Las letras del amor

¡Ay, el amor! El amor ha sido siempre un tema importante y casi siempre presente en toda manifestación del arte, desde la danza, la música, y hasta en la literatura, el sentimiento ha sido uno de los constantes pretextos de la expresión humana. Está en toda clase de palabra, en el mito, la leyenda y en contextos más cercanos en el teatro, la poesía, la narrativa, y todavía más recientemente en la televisión y en el cine.

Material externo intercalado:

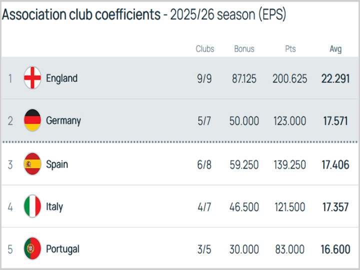 附加赛启动之前,凭证欧洲联赛积分榜,英超遥遥进步,比第二名的德甲多出5分以上,葡超排在第三名,随后是西甲和意甲。两轮附加赛适度后,欧洲联赛积分发生不小变化,由于本菲卡两场失利,葡超莫得球队需要参预欧联杯和欧协联附加赛,无法增多任何积分,照旧退居第5名,剩下葡萄牙体育、波尔图和布拉加3队,肯定很难大幅进步积分。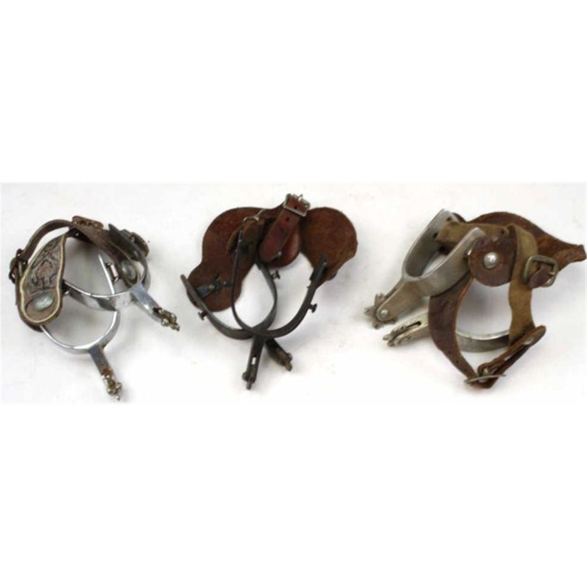 Collection of 3 pairs of spurs includes aluminum Crockett's with leathers, Kelly drop shanks with leathers and Kelly #614 spurs with unmarked leathers.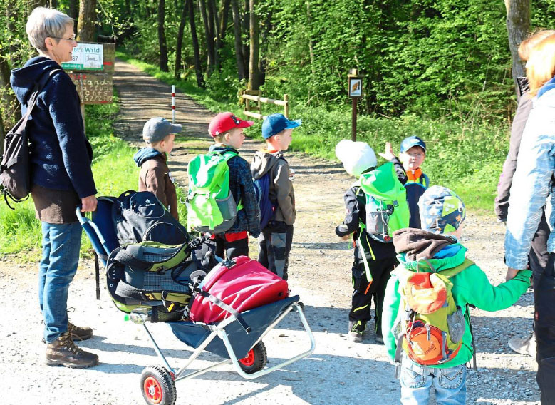 Zehn kleine Walderkunder sind zum ersten Treffen des neuen Waldkindergartens ins Bibertal gekommen. Ausgerüstet mit Rucksack, Matschhose und Proviant ging es mit vier Betreuerinnen nach einem Spiel zum Auflockern auch gleich auf Wanderschaft – und das bei bestem Wetter. Zuerst stellte die Gruppe Regeln auf: Immer in Sichtweite bleiben und die Sammelpunkte merken. Treffpunkt ist dabei jeden Freitag um 9 Uhr am Waldschiff. „Wir haben uns vorher einen Punkt im Wald ausgeguckt“, erklärt Betreuerin Heike Ströcker zur Vorbereitung. Von dort aus erkunden die Kinder dann ihre Umgebung.
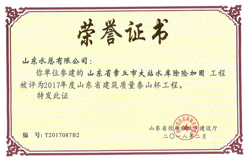 公司“山東省章丘市大站水庫除險加固工程”榮獲2017年度山東省建筑質(zhì)量泰山杯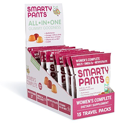 -. Title : SmartyPants Women's Complete Gummy Vitamins: Multivitamin, CoQ10, Folate (Methylfolate), Vitamin K2, Vitamin D3, Biotin, Methyl B12, & Omega 3 DHA/EPA Fish Oil, 90 count (15 Day Supply)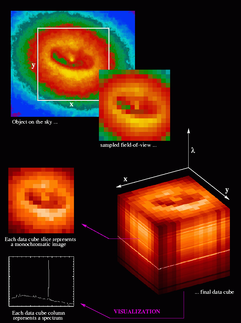 Fig. 1 :   Principle of Integral Field Spectroscopy (IFS):  a two-dimensional field-of-view on the sky (white frame) is sampled into discrete spatial elements, which can have a round, hexagonal,  or (like in this example) square shape. These spatial elements are sometimes called SPAXELS in order to distinguish them from ordinary PIXELS of direct imaging instruments. The peculiar virtue of IFS consists in the ability to create an individual spectrum for each spaxel simultaneously over the whole field-of-view. After data reduction, the set of generated spectra can be rearranged in a computer to form a 3-dimensional data cube of two spatial, and one wavelength coordinates. Hence also the term "3D-Spectroscopy" is sometimes used for IFS. Note that in the presence of atmospheric refraction the data cube in fact becomes a data rhomboid because of spatial shift as a function of wavelength. From the data cube (or rhomb) one can extract a spectrum for each indvidual spaxel, or a coadded spectrum for a group of spaxels (say within a digital aperture). Alternatively, it is possible to create monochromatic images or coadded quasi-broadband images from slices of the datacube.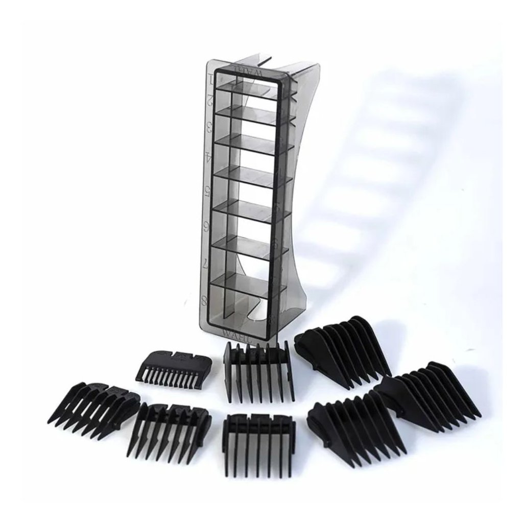 Vytvorte si požadovaný účes jednoducho a rýchlo s WAHL Black Cutting Guides. Každý nadstavec je navrhnutý tak, aby hladko prechádzal vlasmi a zabezpečil rýchle a presné strihanie, ktoré oceníte vy aj vaši zákazníci. Pre vaše pohodlie balenie obsahuje 8 hrebeňových nadstavcov v rozsahu od 3 mm do 25 mm, čo poskytuje širokú škálu možností pre dokonalý výsledok s maximálnou presnosťou. Súčasťou balenia je aj praktický organizér, ktorý pomáha udržiavať váš pracovný priestor uprataný a uľahčuje prenášanie. Kompatibilné so všetkými plnoformátovými strihacími hlavami WAHL okrem Competition Series a 5-in-1 Magic Blade.

El amor es un hecho común en toda muestra del sentir humano. Y es que es innegable que alguna vez hemos recurrido a la escritura de una carta, el envío de un mensaje de texto, hemos compuesto por ahí algún poema o la letra de una canción… hemos hablado del amor en diálogos comunes con nuestros allegados. Y es que el hombre debe traspasar los límites de la individualidad para fundirse y ser uno con el otro. El amor es esa experiencia que se vive y que al no poder ser explicada por la razón da lugar a manifestarse de las más variadas formas.

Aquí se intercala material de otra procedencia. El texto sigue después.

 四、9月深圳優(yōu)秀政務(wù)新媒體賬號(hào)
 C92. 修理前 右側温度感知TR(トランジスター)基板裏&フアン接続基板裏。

La literatura siempre ha echado mano del concepto de amor, ese que surge desde que la figuras de “Eros” y “Cupido” utilizaron sus flechas para atravesar el corazón de los mortales para dar origen a la regeneración de la vida. Ya luego se dieron formas diferentes de ver al sentimiento en el mundo de occidente, en el que por un lado se trata sólo de la sensualidad plena, y del otro, de la idealización del ser amado. Ambas concepciones tienen la idea de representar la trascendencia, la búsqueda de la unidad, el complemento del ser, y que finalmente lleve al hombre a escribir sobre otros sentires como la soledad, el miedo, la traición, la imposibilidad, la ausencia, el fin… todos los influjos del sentimiento amoroso. La literatura pasa a ser un medio de expresión de la experiencia afectiva, esa que resulta compleja de explicar, pero que ha producido algunas de las obras más importantes de las letras universales.

El imposible, por ejemplo, es ese amor que vemos en obras como “Las cuitas del joven Werther” de J. W.Goethe o en “El amor en los tiempos del cólera” de Gabriel García Márquez, donde el sentimiento no puede concretarse por situaciones que lo condicionan.

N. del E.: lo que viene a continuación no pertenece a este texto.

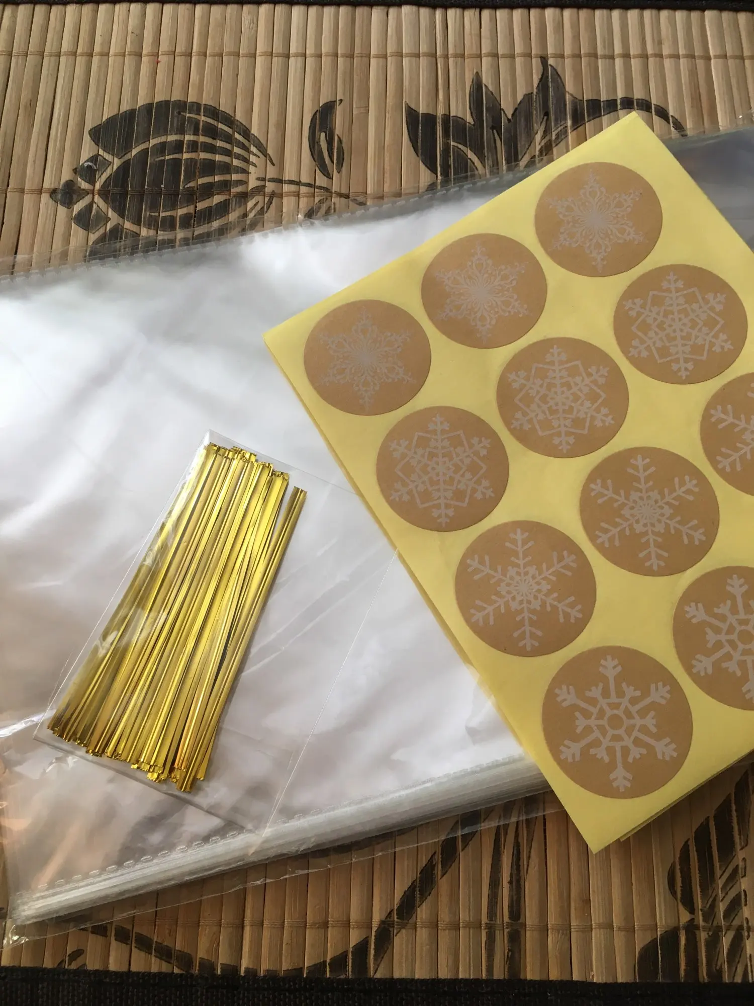 Прозрачные пластиковые пакеты для конфет, леденцов, печенья, упаковочный пакет с закручивающимися завязками, стикер снежинки для вечеринок, тостов, хлеба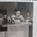 Mašinu za šivanje moralla je imati svaka žene onog vremena. Obratite pažnju na radio, heklani stoljnjak, šivane navlake za tapecirane stolice, vazu s plastičnim cvijećem....Dok mama šije, kćer uči vesti i koliko se sjećam, nije joj baš išlo najbolje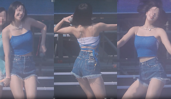 올블랙 '짧은 핫팬츠' 의상으로 드러내는 '새하얀 몸매'의 아이돌(영상)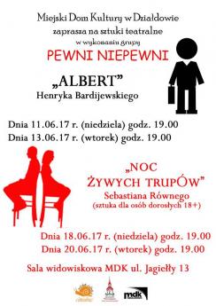 Dnia 11 czerwca (w niedzielę) pokażemy sztukę Henryka Bardijewskiego pt. "Albert". Jest to kameralna komedia utrzymana w tajemniczym, niepokojącym nastroju z elementami science fiction... Pewnego dnia w życiu młodego małżeństwa pojawia się nieznany wuj Albert, który odkrywa prawdziwe oblicze dwójki egoistycznych bohaterów. Sztukę powtórzymy we wtorek - 13 czerwca. Dnia 18 czerwca (w niedzielę) zaprezentujemy sztukę Sebastiana Równego pt. "Noc żywych trupów". Tekst został nagrodzony w IV Ogólnopolskim Konkursie Dramaturgicznym "Lustro. Obraz. Iluzja" odbywającym się w ramach Forum Współczesnego Dramatu 2008. Sebastian Równy ukończył filologię klasyczną, dlatego w sztuce wykorzystuje chór i "deus ex machina"... Sztuka jest bardzo skondensowana i poruszająca. Opowiada o spotkaniu mężczyzny i kobiety w plastikowym świecie wielkich korporacji. Jest oskarżeniem i ostrzeżeniem.... Spektakl przeznaczony jest wyłącznie dla widzów dorosłych. Powtórka - 20 czerwca. Informacja: Miejski Dom Kultury

En otras obras como en “El ingenioso Hidalgo don Quijote de La Mancha” de Miguel de Cervantes, el amor idealizado del caballero andante da cuenta de aquel que es inalcanzable hacia “Dulcinea del Toboso”, su amada, pues no hay contacto carnal, y que más que nada nos muestra cómo el “Quijote” solo busca un aproximamiento a la belleza, la felicidad y la perfección, y así alcanzar la trascendencia.

El amor tirano, contrario al ideal, ha sido descrito en las letras de obras donde el amante tiene la necesidad de privar al otro de la libertad; este fue un tópico muy popular del siglo XIX y tiene su más claro ejemplo en la “Casa de muñecas” de Henrik Ibsen, donde el machismo de la época sentenciaba que la mujer no era humana hasta que no entrara en una sociedad masculina. Esta novela sirvió como base en la lucha feminista que comenzó a gestarse por aquellos años, donde el personaje de “Nora” fue el modelo de mujer moderna y libre que buscaba quitarse las cadenas de la opresión del varón.

Un tipo de amor, el sensual, es ese que implica la relación entre dos donde la atracción física y el goce de la belleza están relacionados con el sentimiento, pero que finalmente culmina con la posesión física. Los autores, en ocasiones, han mostrado cómo los personajes buscaron formas de amar engañosas, donde lo único que les interesa es el placer, y aquí valdría la pena recordar el “Burlador de Sevilla” de Tirso de Molina, arquetipo del “Juan Tenorio” que también han empleado otros autores como Lord Byron o Molière.

Durante la época feudal, se habló del amor cortés, donde la dama es aquella a la que se debe respetar y que está llena de perfecciones que la hacen superior al hombre; cuando el amor es correspondido, obedece meramente al goce erótico como retribución y se vive a escondidas, discretamente, como el de “Paolo” y “Francesca” en la “Divina Comedia” de Dante Alighieri, incluso en el “Rojo y Negro” de Stendhal.

“Romeo” y “Julieta” vivieron a la vez dos clases de amor. Por un lado, el recíproco, el que se da entre amantes que se corresponden, pero que no queda libre de dificultades; y por el otro, el amor trágico, donde un evento fatal impide que los amantes se realicen, son víctimas de un destino que no pueden cambiar porque así está sentenciado; el amor se eterniza mediante la muerte.

El amor nunca ha sido indiferente para aquellos quienes le dan su vida a las letras.

Y en estos tiempos adversos, para comprender un poco el amor, las distintas percepciones del mismo, habremos de sentarnos a leer un libro.